Intro

When analyzing the security of mobile applications, it’s important to verify that all data is stored securely (See OWASP MASVS-STORAGE-1). A recent engagement involved a Flutter app that uses the Isar/Hive framework to store data. The engagement was unfortunately blackbox, so we did not have access to any of the source code. This especially makes the assessment more difficult, as Flutter is pretty difficult to decompile, and tools like Doldrums or reFlutter only work for very specific (and old) versions. Frida can be used (see e.g. Intercepting Flutter traffic)

The files we extracted from the app were encrypted and we needed to figure out what kind of data was stored. For example, storing the password of the user (even if it’s encrypted) would be an issue, as the password can for example be extracted using a device backup.
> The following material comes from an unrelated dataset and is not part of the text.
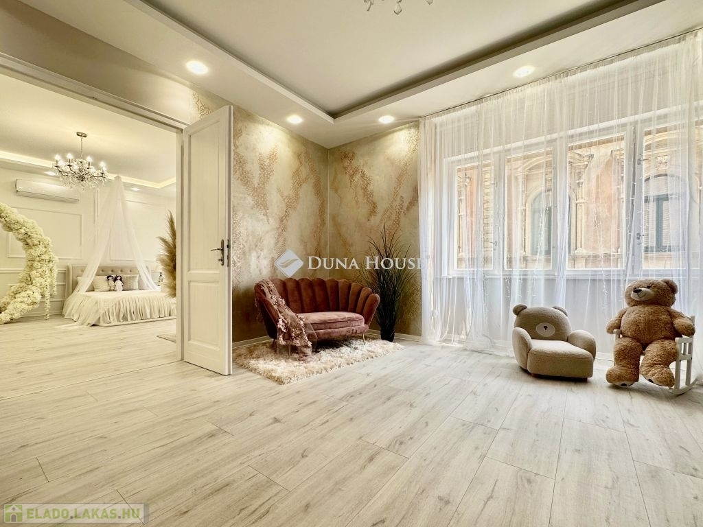 Impozáns, nagy polgári prémium lakás eladó Pécs történelmi belvárosának szívében sokoldalú hasznosítási lehetőségekkelPécs egyik legszebb részén, a patinás történelmi belvárosban kínálunk megvételre egy első emeleti, kivételes adottságokkal rendelkező lakást, amely teljes körű, prémium minőségű felújításon esett át az elmúlt években.A lakás jelenleg egy jól működő, bejáratott fotóstúdióként üzemel, amely stabil ügyfélkörrel, kiforrott arculattal és rendszeres bevétellel rendelkező vállalkozásként funkcionál. Az ingatlan jelenlegi kialakítása, a minőségi világítástechnika és a belső terek professzionális kialakítása a kreatív iparág igényeire szabott. A vevő akár azonnal folytathatja a tevékenységet a meglévő formájában, így az ingatlan nemcsak értékes tér, hanem jövedelmet hoz azonnal.Az ingatlan tágas terekkel, elegáns megjelenéssel és minőségi belsőépítészeti megoldásokkal rendelkezik, egyaránt kiváló választás lehet reprezentatív lakásnak, üzleti célú hasznosításra, vagy akár befektetésként, rövid távú kiadásra (Airbnb).Ezen kívül az elrendezés és az ingatlan színvonala lehetővé teszi olyan tevékenységek kialakítását is, mint esztétikai - szépség szalon, orvosi vagy természetgyógyászati magán rendelő, pszichológiai vagy coaching praxis, illetve egyéb magas színvonalú szolgáltatást nyújtó vállalkozás működtetése. A belvárosi elhelyezkedés és a reprezentatív környezet kifejezetten vonzóvá teszi ezeket a felhasználási lehetőségeket befektetők számára is.Lakásként visszaalakítható, de három különálló apartman kialakítása is elő van készítveA lakás jelenleg egyetlen egységként funkcionál, de szerkezetileg és gépészetileg úgy került kialakításra, hogy akár három külön bejáratú lakássá is könnyedén átalakítható. A víz-, villany-, konyhai és fürdőszobai kiállások ehhez már rendelkezésre állnak, így minimális átalakítással kiváló befektetési lehetőségként funkcionálhat a belváros szívében, ahol az ilyen adottságú ingatlanok ritkaságszámba mennek.Hangulatos udvar, kilátással a TV-toronyraAz épület gondozott belső udvara kellemes közösségi térként is szolgál, ahonnan szép kilátás nyílik a város egyik ikonikus jelképére, a TV-toronyra ez az apró részlet is hozzájárul az ingatlan különleges atmoszférájához.Főbb jellemzők:Elhelyezkedés: Pécs történelmi belvárosa, frekventált környezetbenSzint: Első emeletÁllapot: Teljes körűen, prémium minőségben felújítvaFunkció: Jelenleg egybenyitott térként funkcionál, de gyorsan átalakítható 3 önálló apartmanná vagy visszaalakítható nagyvonalú lakássáUdvar: Rendezett belső udvar, kilátással a TV-toronyraHasznosítás: Kiváló választás saját otthonnak, elegáns lakásként, rövid távú kiadásra (Airbnb), vagy akár vállalkozás céljára is(pl. fotóstúdió, esztétikai szalon, rendelő, magánpraxis vagy iroda)Ez az ingatlan valódi kuriózum a pécsi belvárosban: modern és sokoldalúan alakítható, ugyanakkor megőrzi a hely szellemiségét és eleganciáját.Ne maradjon le erről a különleges lehetőségről vegye fel velünk a kapcsolatot még ma, és tekintse meg személyesen!

In order to figure out how the data is encrypted, we needed to analyze the Hive framework and find some way to extract that data in cleartext. Hive is a “Lightweight and blazing fast key-value database written in pure Dart.” which means we can’t easily monitor what is stored inside of the databases using Frida. There also isn’t a publicly available Hive viewer that we could find, and there’s a probably good reason for that, as we will see.

The goal of this blogpost is to obtain the content of an encrypted Hive without having access to the source code. This means we will:

• Create a Flutter test app to get some useful Hives
• Understand the internals of the Hive framework
• Create a generic Hive reader that works on encrypted Hives containing custom objects
• Obtain the password of the encrypted Hive
• (Bonus) Recover deleted items

Let’s start!

Isar / Hive

Hive is a key-value framework built on top of Isar, which is a no-sql library for Flutter applications. It is possible to store all the simple Dart types, but also more complex types like a List or Map, or even custom objects via custom TypeAdapters. The project is currently in a transition phase to v4 so the focus is on v2.2.3, which is what the target application was most likely using.

While Hive is the name of the framework, what we are actually interested in are boxes. Boxes are the actual files that are stored on the system and each box contains one or more data frames. A data frame simply holds one key-value pair.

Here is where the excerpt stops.